▸ RECORDS SUPPLIED
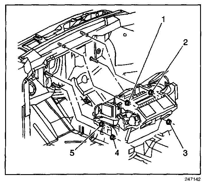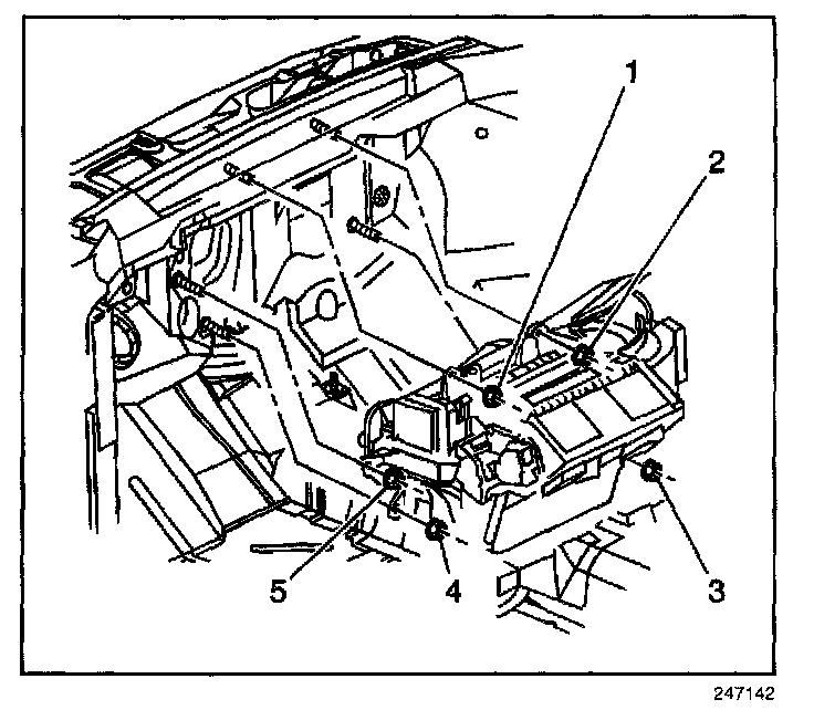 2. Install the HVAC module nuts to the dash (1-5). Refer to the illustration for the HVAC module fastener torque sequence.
--
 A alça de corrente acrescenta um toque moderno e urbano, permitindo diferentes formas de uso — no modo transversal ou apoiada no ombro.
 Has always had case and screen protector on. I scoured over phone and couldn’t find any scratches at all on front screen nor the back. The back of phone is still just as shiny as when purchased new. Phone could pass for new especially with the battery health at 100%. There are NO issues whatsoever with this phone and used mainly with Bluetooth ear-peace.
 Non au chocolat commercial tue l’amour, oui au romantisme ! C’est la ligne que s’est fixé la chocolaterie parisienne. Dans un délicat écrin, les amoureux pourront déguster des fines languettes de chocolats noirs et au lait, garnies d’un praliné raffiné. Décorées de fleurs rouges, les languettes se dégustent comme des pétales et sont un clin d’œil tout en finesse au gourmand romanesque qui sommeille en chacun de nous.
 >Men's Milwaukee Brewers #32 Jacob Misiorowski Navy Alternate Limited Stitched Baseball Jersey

▸ PROBLEM
Out of the entries above, write out only the lines between the line holding "Has always had" and the line holding "Stitched Baseball Jersey", inclusive, each exactly as given.

▸ RESPONSE
 Has always had case and screen protector on. I scoured over phone and couldn’t find any scratches at all on front screen nor the back. The back of phone is still just as shiny as when purchased new. Phone could pass for new especially with the battery health at 100%. There are NO issues whatsoever with this phone and used mainly with Bluetooth ear-peace.
 Non au chocolat commercial tue l’amour, oui au romantisme ! C’est la ligne que s’est fixé la chocolaterie parisienne. Dans un délicat écrin, les amoureux pourront déguster des fines languettes de chocolats noirs et au lait, garnies d’un praliné raffiné. Décorées de fleurs rouges, les languettes se dégustent comme des pétales et sont un clin d’œil tout en finesse au gourmand romanesque qui sommeille en chacun de nous.
 >Men's Milwaukee Brewers #32 Jacob Misiorowski Navy Alternate Limited Stitched Baseball Jersey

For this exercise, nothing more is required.